··· Provided material ···

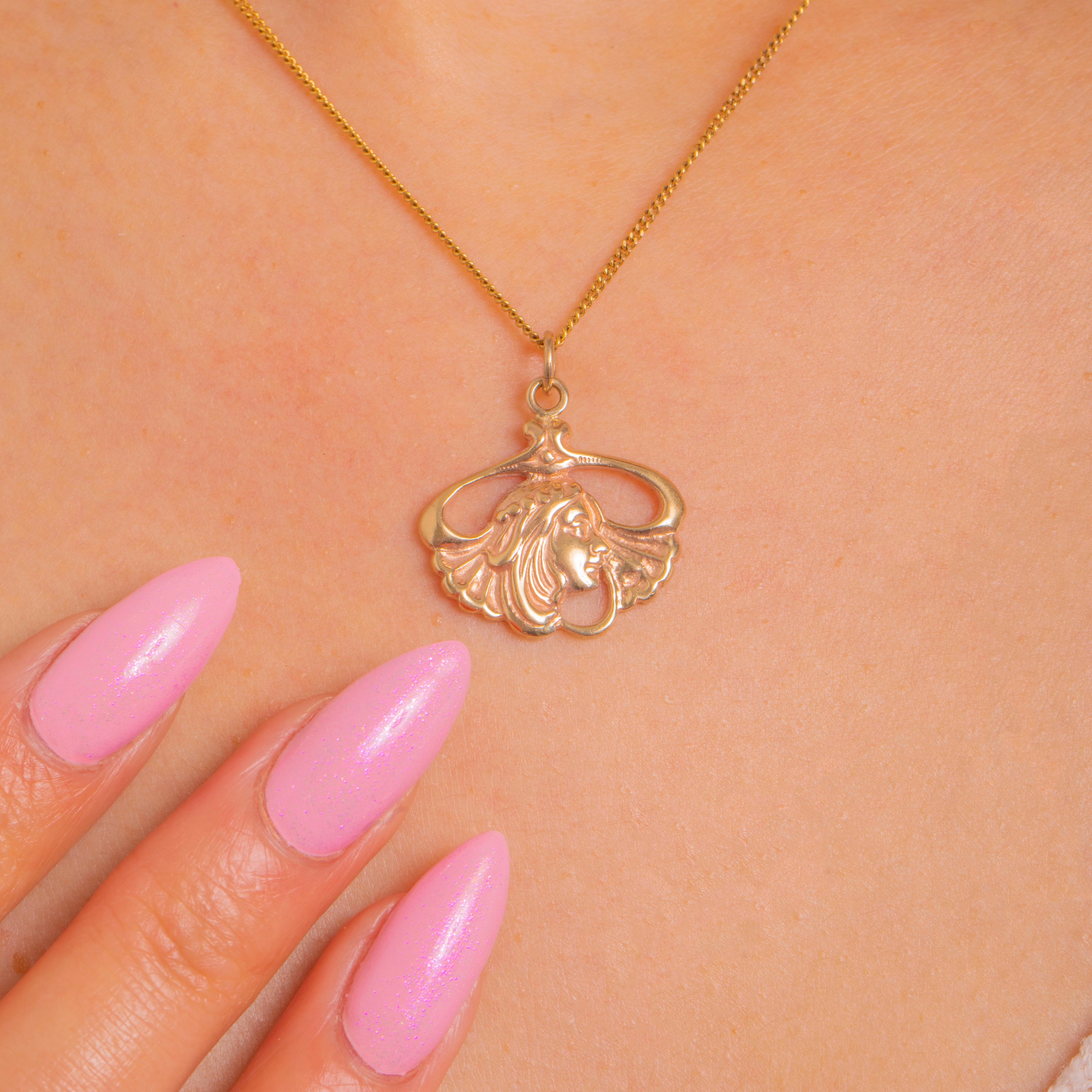 Beautiful Vintage 1970's Nouveau Style 9ct Gold Portrait Charm
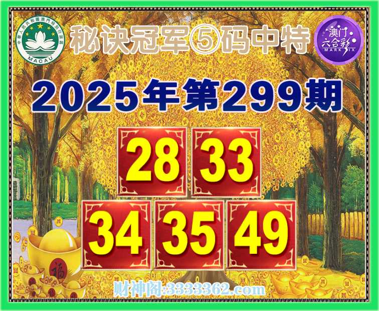 299期:『秘诀冠军』 🕯⑤码中特🕯【28.33.34.35.49】开:49
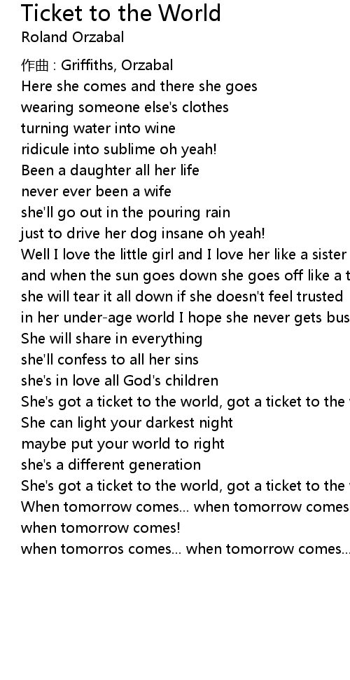 | She' s got a ticket to the world, got a ticket to the world... | |

···

» Instructions for the task
Copy out the full material exactly. Pictures should not appear in it.

» Task response
 Beautiful Vintage 1970's Nouveau Style 9ct Gold Portrait Charm
 299期:『秘诀冠军』 🕯⑤码中特🕯【28.33.34.35.49】开:49
 | She' s got a ticket to the world, got a ticket to the world... | |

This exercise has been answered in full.